小売の未来は「ニューリテール」にある #03

新たに提示された「ニューリテール」の課題、日本の小売業はどのような世界を描くのか

オフラインの人流量発想と、オンラインのリピートの仕組み

 劉潤は、ニューリテールの革新のポイントは、オフライン店舗は人気店発想から、テクノロジーとデータによって「人流量発想」に転換すべきだと説く。

 店舗という固定化された場所でトラフィックが来るのをじっと待つのではなく、小売として「人と物が出会う新しい接点」をつくり出すというのだ。彼の言葉では「人流量が流れた先に、我々は自身の場所をつくり、自身のパーチェスファネルを設置して人流量をここへ向かわせて物を買わせる」のだ。

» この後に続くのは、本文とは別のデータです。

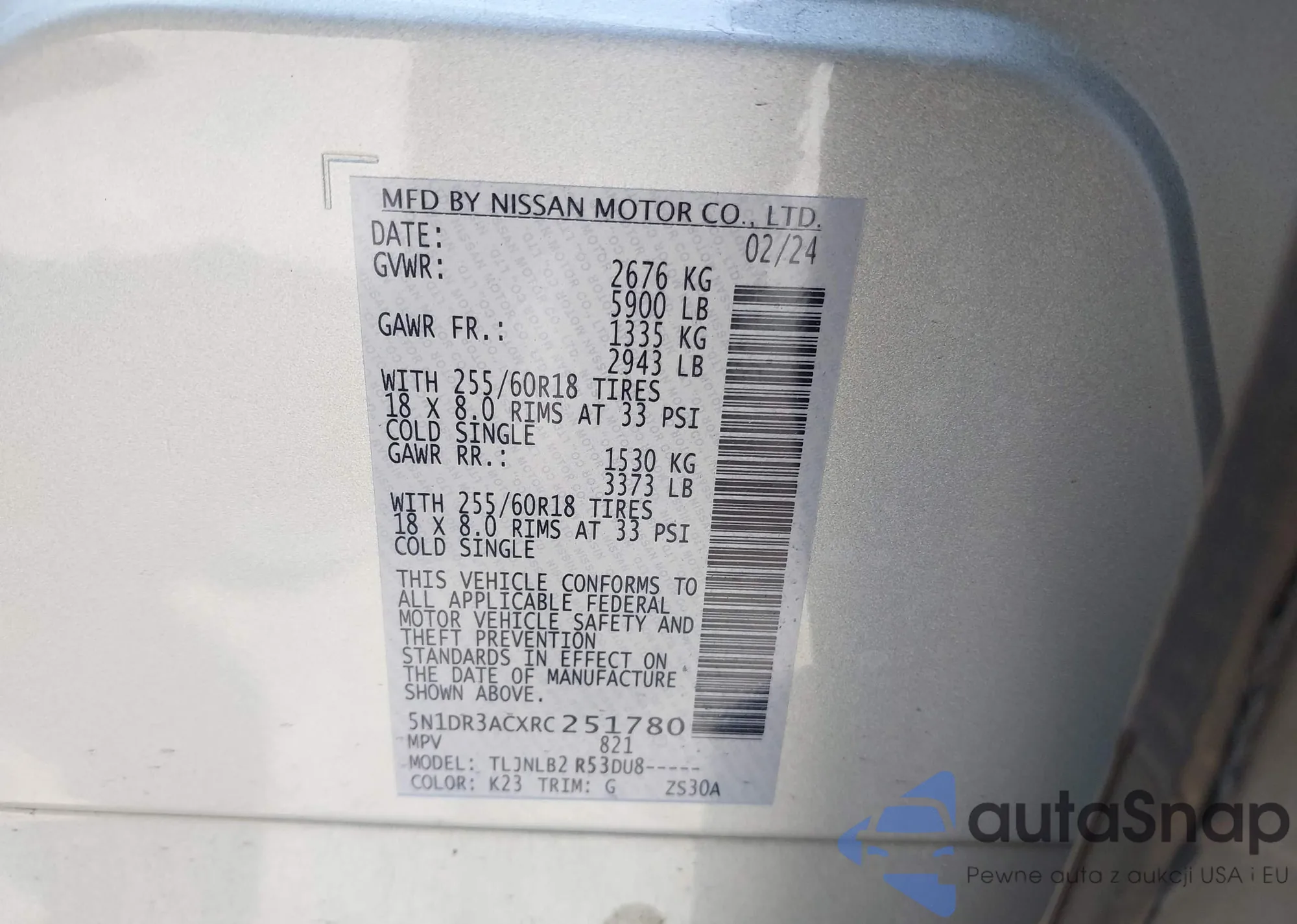 LOT: 42245940 VIN: 5N1DR3ACXRC251780

 そのような人流量の新しい接点として、中国のオンライン配車サービス、ディディ(DiDi滴滴出行)と提携してタクシー車内で飲料や食品を売るコーナー「車載コンビニ」をはじめた魔急便(Mobile Go)を紹介している。

 このような接点は日本でコカ・コーラ社が取り組んでいる自販機アプリ「Coke On」にも言えるし、オフィスに対して飲料やお菓子を届けるネスカフェアンバサダーやオフィスグリコなど成功したビジネスモデルにも同様のヒントがある。

 新しい接点で得られた顧客層は、新規の人流であることで終わるのでなく、そこからテクノロジーを使って買わなかった場合でもデータを得ることができれば、デジタルツールを通して、再度顧客にアプローチすることも可能である。

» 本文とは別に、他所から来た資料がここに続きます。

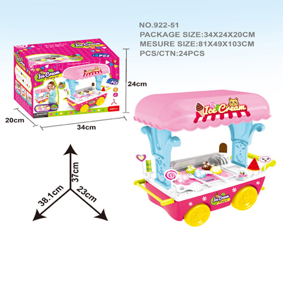Kids Pretend play ice cream cart With Light & Sound Children Play set Dining car Plastic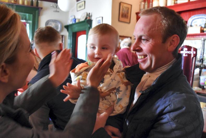 Huntsman Niall Dunne and his son Arthur and Hannah McCormack at the Westmeath Foxhounds meet at Nick Murtagh’s Bar in Ballynacarrigy \ Noel Mullins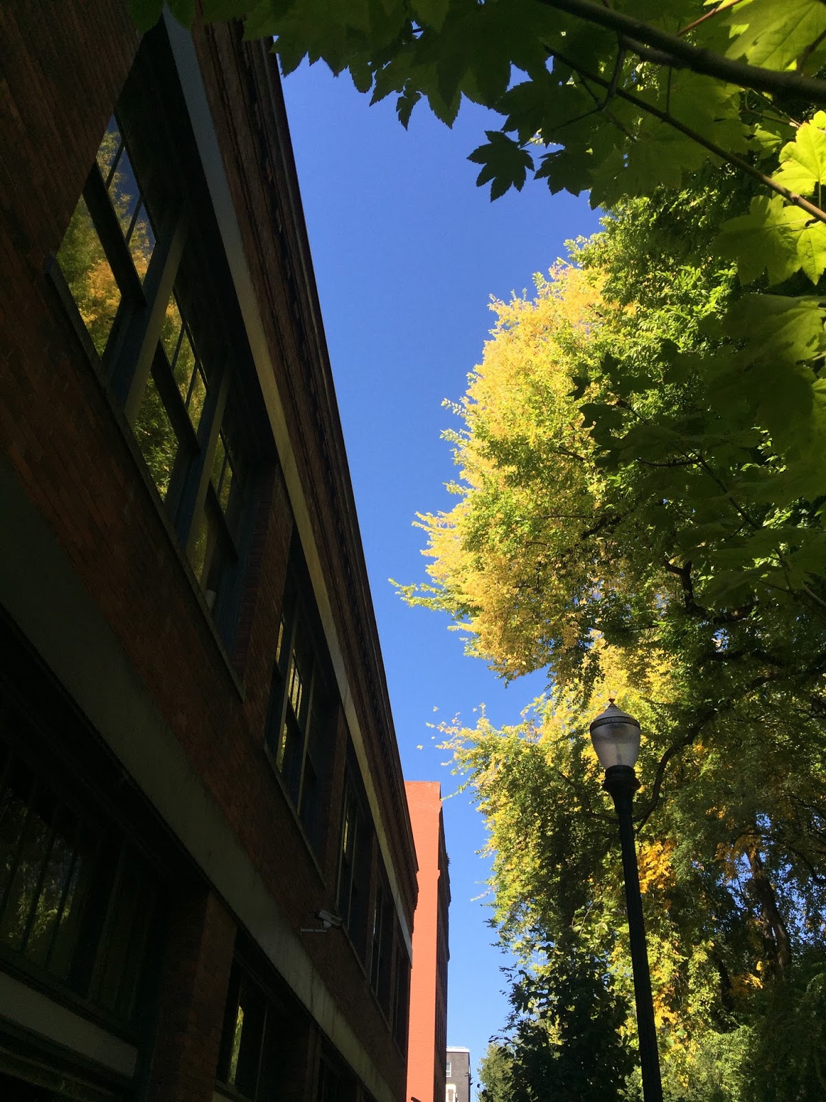 The architecture, of course, which I love about Portland. So much ornamentation of brick and stone and concrete, and the way it all interacted, last week, with a gorgeous cerulean September sky.

 また、個人情報が得られなくても行動特性から親和性の高いコミュニティを探すことができる。このようなデータ活用は、オンラインのチャネルにとっては最も得意な領域である。

 例えば、スマートフォンで有名な中国のシャオミは自社のミーストアで家電やツールも販売しているが、自社の顧客層がスターバックスやユニクロ、無印良品と重なっていることを知って、ファーストファッションの出店エリアをベンチマークするようになった。



 また、オフライン店舗は、当然ながらオンラインよりも効率よく新規顧客を得ることができ、成約率も高い。しかし、そのような新規顧客はシャオミのことをよく理解せずに購入している人が多いことを知り、オフラインでは体験性を重視し、その後に利便性の高いオンラインチャネルでリピートしてもらう仕組みを構築している。

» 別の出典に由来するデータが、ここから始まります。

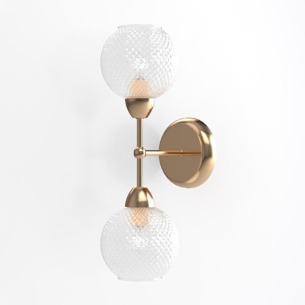 PERMO Double Sconce Vintage Industrial Antique 2 Lights Vantiy Light Dual Wall Sconces with 5.9" Round Clear Glass Globe Shade (Antique Brass)

 ニューリテールの代表であるアリババグループの「盒馬鮮生(フーマーフレッシュ)」は、店内の生け簀からそのまま新鮮な魚介類をピックアップし、配送用の食材が店内のベルトコンベアで移動していく独特なオペレーション、3キロ圏以内30分で配送という驚異的なスピードが目を引くため、中国のみで許される特殊な店舗と理解されている。

撮影:スクロール360 高山隆司氏

 劉潤は『新小売革命』のなかで、フーマーフレッシュの成功は、アリババグループCEOのダニエル・チャンが創業者のコンピュータサイエンスの学歴を持ち伝統的流通と物流の経験がある候毅(ホウイー)と最初からオンラインの生鮮分野をオフラインの店舗と融合した形でどのように実現すべきか明確な目標を持っていたことが示されている。それは、次の4つの大きな「ムーンショット」からなる。

 1.    オンラインの収入はオフラインの収入を上回ること

 2.    オンラインの注文数は1日5000件を上回ること

 3.    半径3㎞以内の配送を30分以内に実現すること

 4.    オフラインからオンラインへ誘導し、アプリは他のトラフックなしに独立できること

 大きな目標設定であるからこそ、通常の業務改善では到達が難しく、最初からの飛躍が要求される。店内にレストランをオープンする、支払いは決済アプリのみ、頭上にベルトコンベアを設置するなどのアイデアは、トップダウンで考えられた。ニューリテールは、そのようなトータルのビジネスのデザインがなされてこそ、その特長を融合できるのである。